Tak hanya itu, media juga sering menggunakan aspek-aspek pada diri korban yang tidak relevan dan mengobjektifikasi perempuan, seperti menyematkan kata cantik, seksi, bohay, dan sebagainya
Pelaku Belum Mendapatkan Hukuman Setimpal
Di sisi lain, kebijakan dan sistem penegakan hukum di Indonesia juga belum meregulasi femisida sebagai kejahatan luar biasa.
"Pendataan terpilah pembunuhan berbasis gender di Mahkamah Agung, Bareskrim, dan BPS belum tersedia.
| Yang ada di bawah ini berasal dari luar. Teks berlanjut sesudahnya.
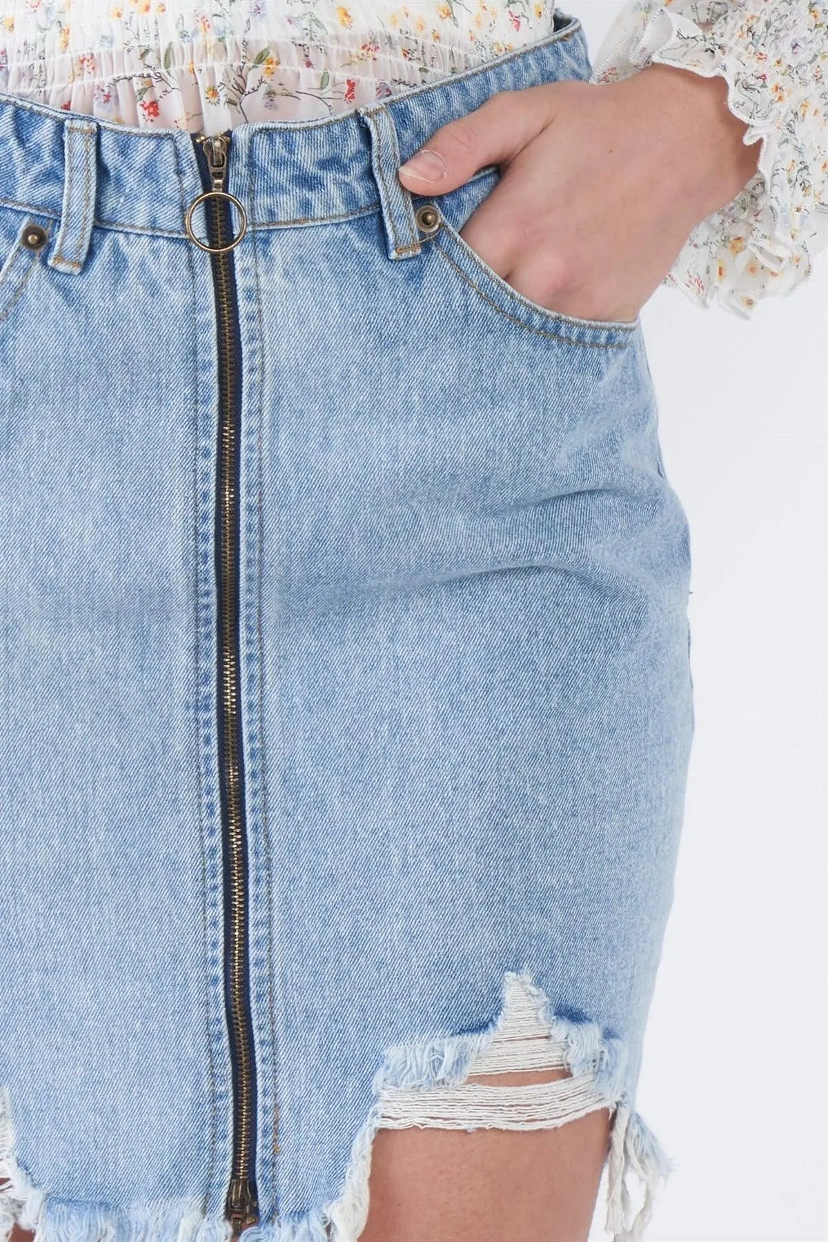 Denim Blue Front Zipper Shark Bite Raw Hem Mini Skirt /3-2-1
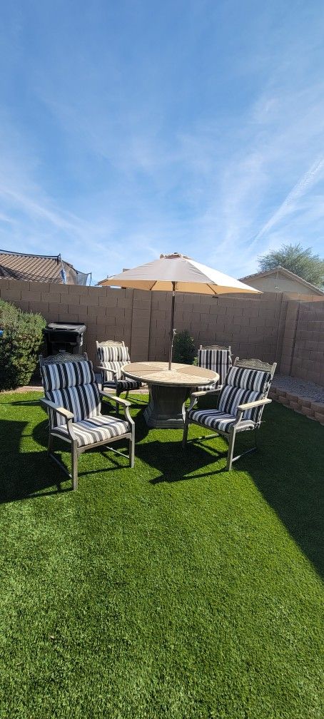 6 piece outdoor patio set. 4 stationary aluminum chairs with cushions, 1 round table with interchangeable marble pieces, and 1 umbrella. Pick up near 19th ave and southern. Price is FIRM. FCFS
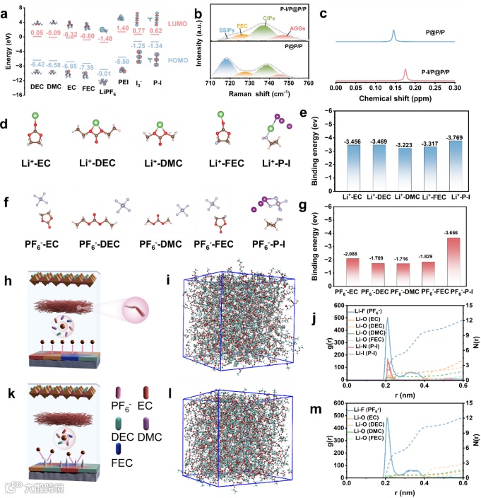 图2 a) DEC、DMC、EC、FEC、LiPF6、PEI、I3-及PEI-I复合物的计算HOMO-LUMO能级;(b) P-I/P@P/P和P@P/P GPE的拉曼光谱及(c) 7Li NMR谱;(d) Li+与EC、DEC、DMC、FEC及PEI-I的优化结合构型及(e) 计算结合能;(f) PF6-与EC、DEC、DMC、FEC及PEI-I的优化结合构型及(g) 计算结合能;(h) P-I/P@P/P和(k) P@P/P GPE在LMB中的作用机理示意图;(i) P-I/P@P/P和(l) P@P/P GPE的分子动力学模拟快照;(j) P-I/P@P/P和(m) P@P/P GPE的径向分布函数与配位数
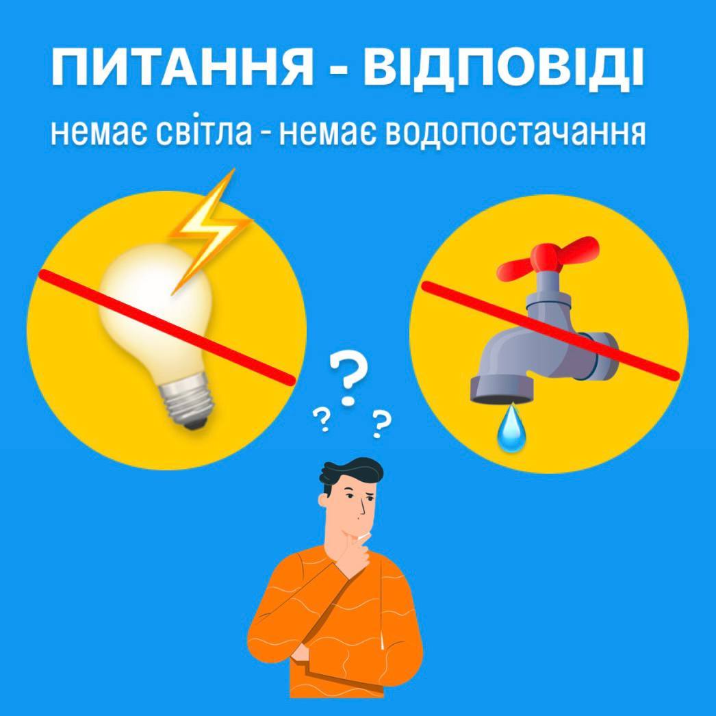Під час стабілізаційних або аварійних відключень електроенергії автоматично відключається насосне обладнання на артсвердловинах, що призводить до зниження тиску у мережах. Споживачі ще короткий проміжок часу можуть використовувати запаси води з водопроводів, але згодом водогони спустошуються.
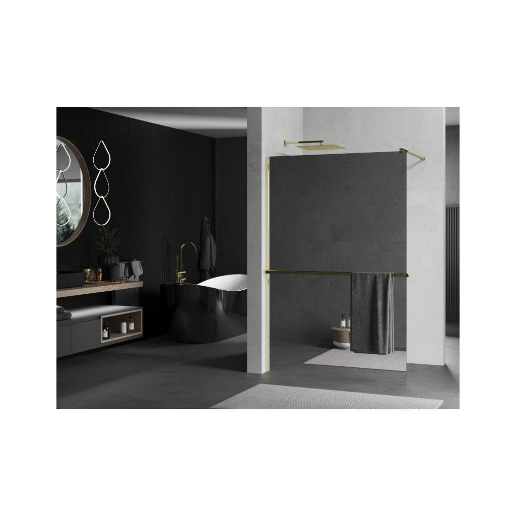 Sprchová zástěna z kolekce Walk-In je univerzálním a oblíbeným řešením pro každou koupelnu. Zástěna je bez dveří a obsahuje tyč, která lze použít k zavěšení závěsu. Zástěna Kioto série je vyrobena z 8mm tvrzeného bezpečnostního skla o výšce 200cm. Instalace je univerzální na sprchovou vaničku nebo dlažbu, vpravo nebo vlevo. Pomocí T-konektoru (není součástí balení) je možné spojení stabilizačních rozpěr a vytvoření otevřeného sprchového koutu v libovolné velikosti (sprchové zástěny Kyoto jsou dostupné v délkách 30-160 cm). Jako minimální šířku vstupu v takovém případě doporučujeme ponechat alespoň 50 cm. Nabízená sprchová zástěna obsahuje designovou kovovou poličku pro zavěšení ručníků zvenčí a umístění sprchového programu uvnitř pro pohodlnou sprchu.
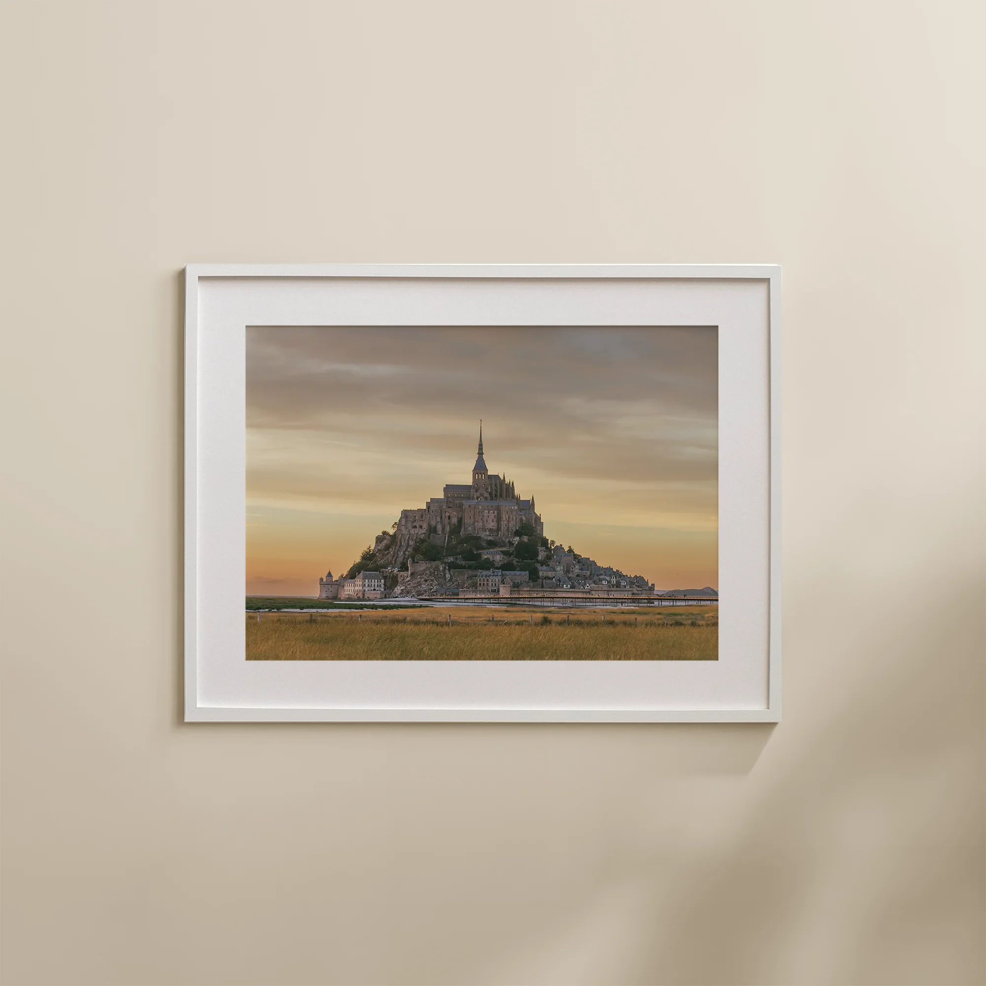 Enjoy the beauty of Mont Saint Michel Sunset print. The warm colors of the setting sun light up the summer grass, while the ancient abbey stands tall in the background. In the distance, glistening remnants of tidal waves snake through the grass, underneath the access bridge.
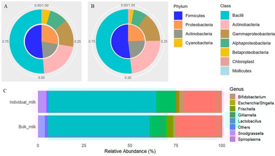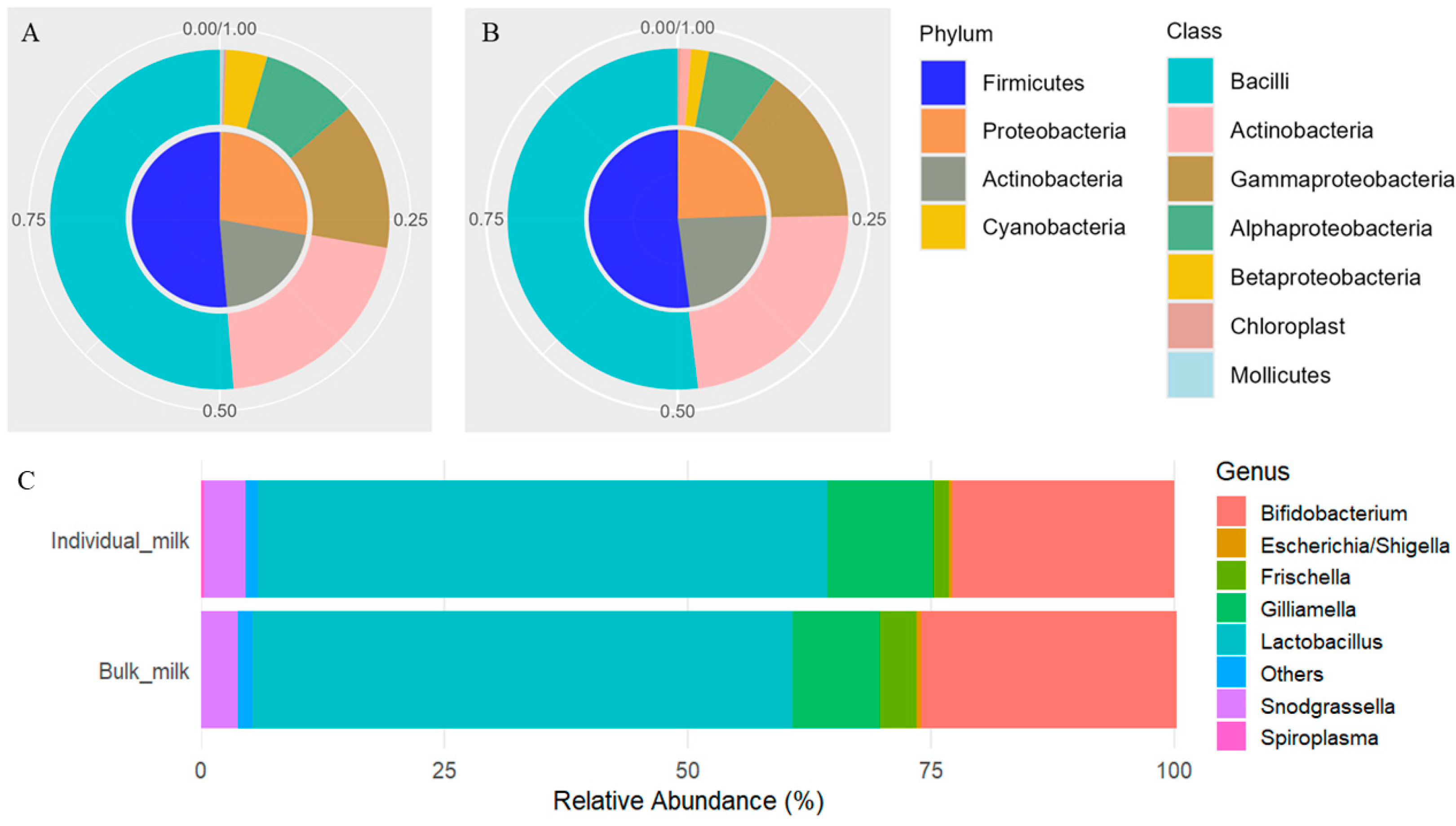 Microbial composition of individual (A) and bulk (B) goat milk samples at the phylum (inner ring) and class (outer ring) taxonomic levels. Each pie chart displays the relative abundances of the most prevalent taxa. (C) Stacked bar plots of the relative abundances of the dominant bacterial genera in individual and bulk milk samples.
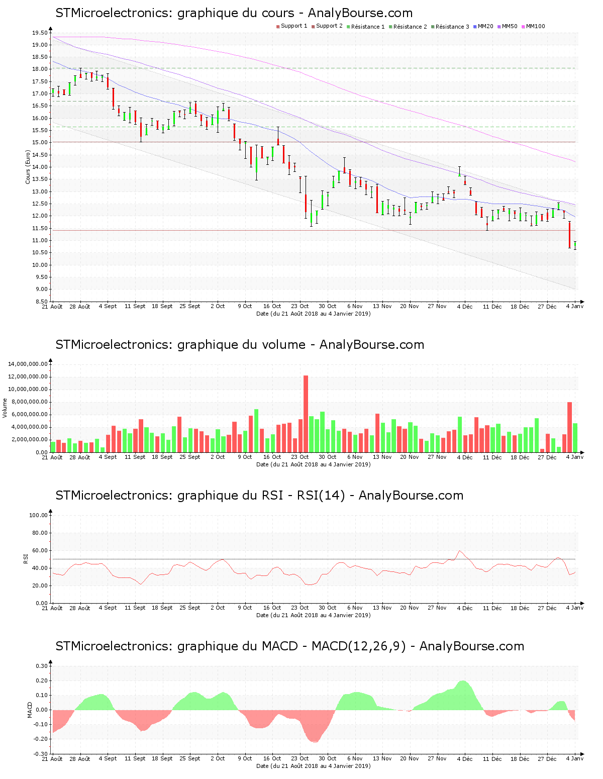 L’action STMicroelectronics possède une moyenne mobile sur vingt jours placée en deçà de sa moyenne mobile sur cinquante jours, qui est pour sa part située en deçà de sa moyenne mobile sur cent jours. Sur la durée, le parcours de l’action est ainsi en décroissance. Voilà désormais 96 séances que la moyenne mobile sur cinquante jours de la valeur STMicroelectronics se place en deçà de sa moyenne mobile sur cent jours. De son côté, le RSI est plutôt stable ces derniers jours. Ce dernier se trouve ainsi toujours au niveau de vente. On repère que l’indicateur MACD est en ferme baisse ces dernières séances. C’est maintenant une tendance du titre en substantielle baisse qu’il caractérise à moyen-court terme.
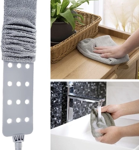 Avec une poignée télescopique en acier inoxydable, vous pouvez atteindre des surfaces difficiles d'accès, comme les plafonds ou les sommets de hautes armoires, sans risque de chutes ou de tension corporelle.
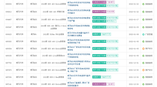 记者从车质网的投诉平台上查询到,关于威马汽车的投诉,几乎都是这样的字眼:威马EX5续航里程缩短影响正常使用、威马EX5升级后车辆无法充满电导致续航下降、威马EX5车机系统升级后续航下降强制锁电。
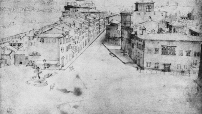 View (ca. 1561-1564) of the old Borgo Alessandrino or Nuovo, looking east from S Peter’s, by G. A. Dosio (Uffizi 2580A). The Palazzo del Priorato (of the Knights of Malta, also known as Palazzo S Martinello) is shown at front to the right. Dosio’s view seems to be unique; the Palazzo del Priorato was demolished in 1667 to make way for Bernini’s Colonnade, and the sketch itself was lost in 1939. Credit: P. N. Ferri, in Rassegna d’ Arte 4 (1904) 92.
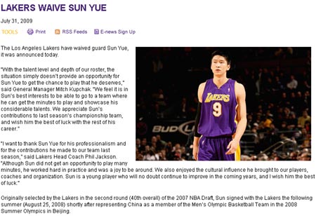 中新網(wǎng)8月1日電 當?shù)貢r間7月31日,NBA上賽季冠軍湖人隊通過官方網(wǎng)站,宣布放棄來自中國的后衛(wèi)孫悅。
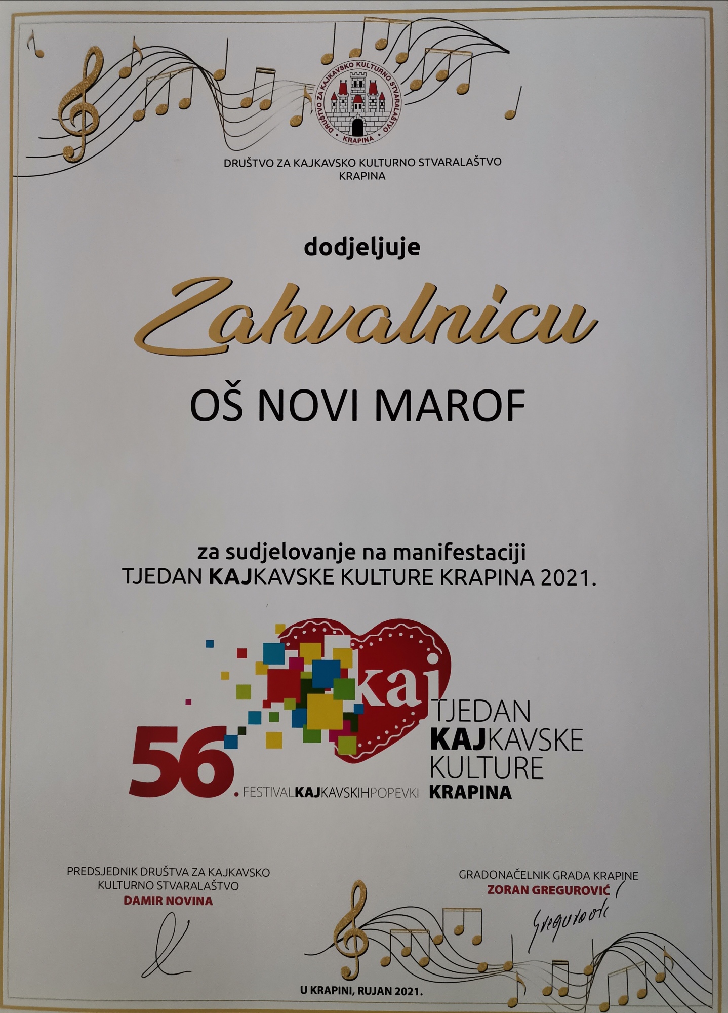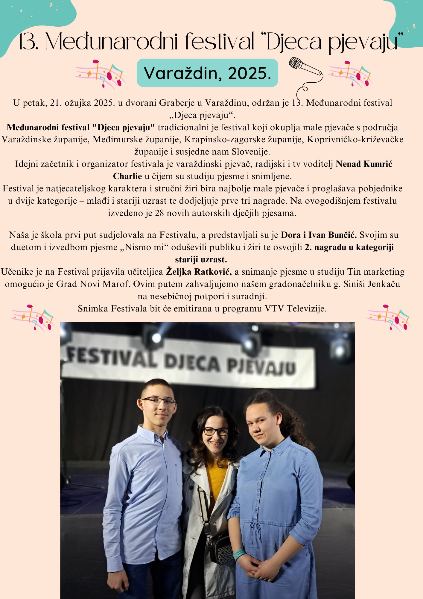Uz mnogobrojnu publiku, obitelj i prijatelje učenicu je na Festivalu podržao i gradonačelnik Novoga Marofa i saborski zastupnik g. Siniša Jenkač.

Data pembunuhan laki-laki dan perempuan masih tercampur dan dikenali sebagai kasus pembunuhan pada umumnya,” jelas Rainy Hutabarat, Komisioner Komnas Perempuan.
Kondisi ini mengakibitkan proses penegakkan hukum terhadap pelaku femisida jadi terhambat.
Menurut data temuan Jakarta Feminist, hanya 38 persen pelaku femisida yang mendapat jeratan hukum berdasarkan penelusuran pemberitaan media daring, sedangkan 61 persen pemberitaan tidak menyebutkan ancaman dan putusan hukum yang diterima pelaku.
“Di tahun 2023, kami menemukan satu kasus dimana pelaku divonis bebas oleh pengadilan,” jelas Khofifah.
Selain itu, Jakarta Feminist juga menyoroti lemahnya implementasi Undang-Undang No. 12 Tahun 2022 tentang Tindak Pidana Kekerasan Seksual pada proses pengadilan kasus femisida.
“Kami tidak menemukan undang-undang TPKS digunakan dalam menjerat pelaku, ini sangat disayangkan,” lanjut Khofifah.
Seperti yang terjadi pada kasus AA, seorang anak berusia 13 tahun yang diperkosa berkelompok (gang rape) oleh 3 orang pelaku.
AA kemudian dibunuh dan jenazahnya dibuang ke TPU Palembang dengan keadaan tanpa busana.
Setelah tertangkap, pelaku hanya dijerat dengan pasal perlindungan anak, yakni pasal 76 C dan 80 ayat (3) UU No.35 tahun 2014.
Sementara itu, tindak pemerkosaan yang mereka lakukan tidak diproses secara hukum.
“Ini menandakan bahwa negara tidak melindungi hak-hak korban dengan tidak menganggap pemerkosaan itu pernah terjadi padanya," ujar Rara Ayu.
Oleh karena itu, Komnas Perempuan mengajak media untuk berperan aktif dalam mengadvokasi kasus-kasus femisida, sehingga keadilan bagi para korban dan keluarganya dapat terwujud.
Selain itu, media diharapkan turut membantu meningkatkan pemahaman yang lebih luas mengenai isu femisida di Indonesia, terutama dari sudut pandang perempuan dan Hak Asasi Manusia.
“Dengan upaya kolektif dan sinergi antara masyarakat sipil, pemerintah, dan media, kita dapat menciptakan perubahan nyata untuk masa depan yang lebih aman dan adil bagi perempuan di Indonesia,” pungkas Olivia.